Jをめぐる冒険BACK NUMBER
ジュビロ降格の陰に3つの「不在」。
パートナー、リーダー、そして伝統。
text by
飯尾篤史Atsushi Iio
photograph byAFLO
posted2013/11/12 10:30
不振を極め、いまだ得点が1ケタにとどまるエース・前田遼一。獲得を目論む国内外のクラブも多いなか、今冬の去就に注目が集まる。
どうしてクラブは、財産を簡単に手放すのか……。
鹿島は計画的に世代交代を進め、本田泰人、秋田豊、相馬直樹らの世代から、柳沢敦、小笠原満男、中田浩二、本山雅志らの世代にバトンが引き継がれ、それは今、大迫勇也、柴崎岳、山村和也らの世代に引き継がれようとしている。
ジェフ千葉もかつて「脱オシム」を掲げた時期があった。どうしてクラブは、築きあげてきた歴史や伝統、スタイルといった財産を簡単に手放そうとしてしまうのだろう……。

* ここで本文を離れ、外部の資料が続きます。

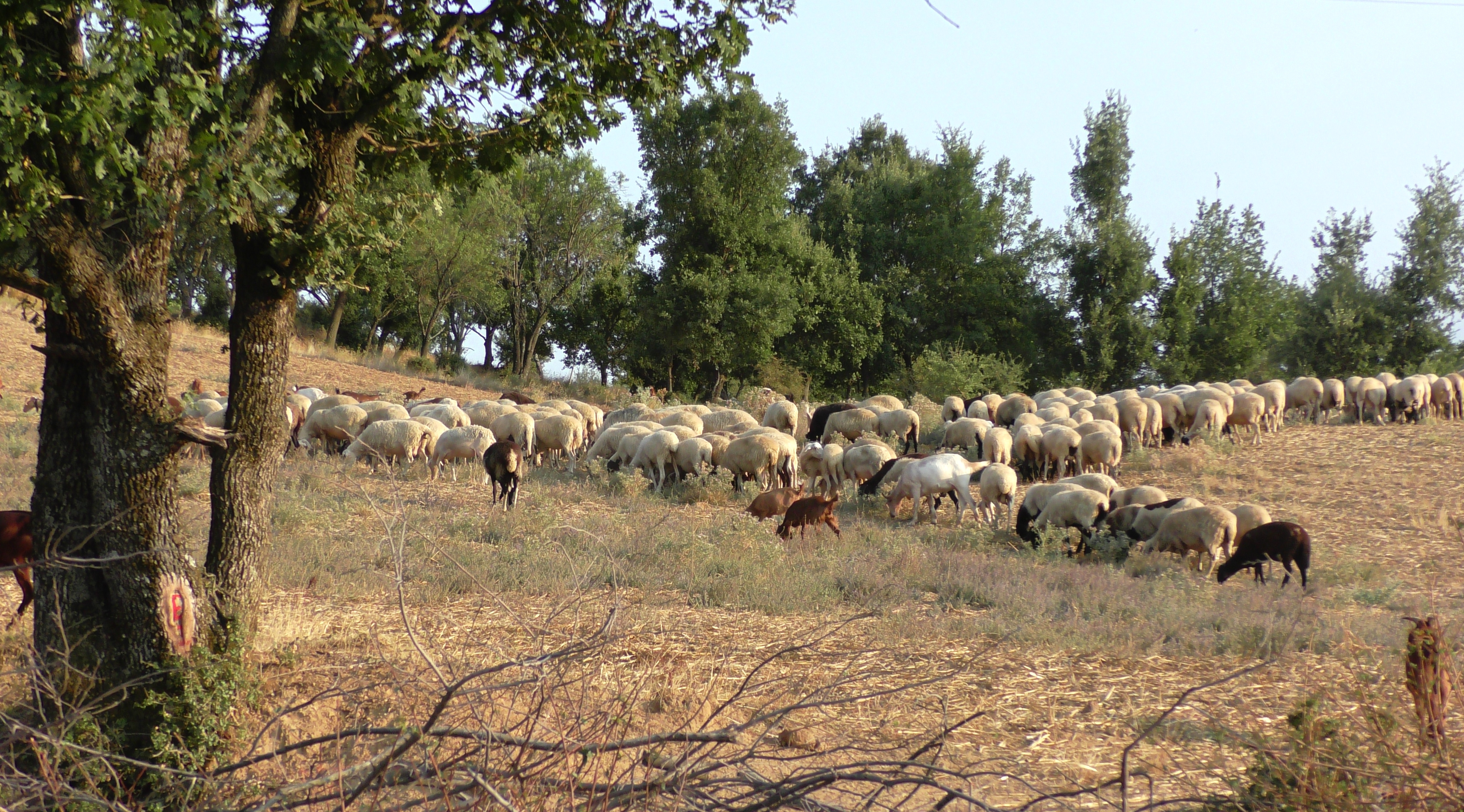 Un troupeau de chèvres et moutons mélangés. Le son des cloches, le sifflement du berger, les couleurs presque automnales, la mer est loin ! Et ça fait du bien, parfois !

しかしJ2はスタイルを磨き、勝者のメンタリティを取り戻すのに格好の場でもある。
ネルシーニョに率いられた柏レイソルは「ヴィトーリア(ポルトガル語で勝利の意味)」の精神を確かなモノにし、J2優勝どころか、翌年にはJ1でも優勝した。
サンフレッチェ広島はペトロヴィッチ監督のもと“ミシャスタイル”に磨きを掛けたし、東京もポゼッションスタイルにこだわり、チームのカラーとして定着させた。
果たして磐田は、どこへ向かうのか。
願わくは、黄金時代のOBたちが指導者やスタッフとしてクラブに戻り、「磐田のDNA」を復活させてほしい。だが、筆頭候補であっただろう名波氏にはセレッソ大阪から監督就任のオファーが届いているという。名波氏をみすみす他クラブに渡していいのだろうか。
J2降格を名門復活のきっかけにできるかどうかは、フロントの的確な判断に委ねられている。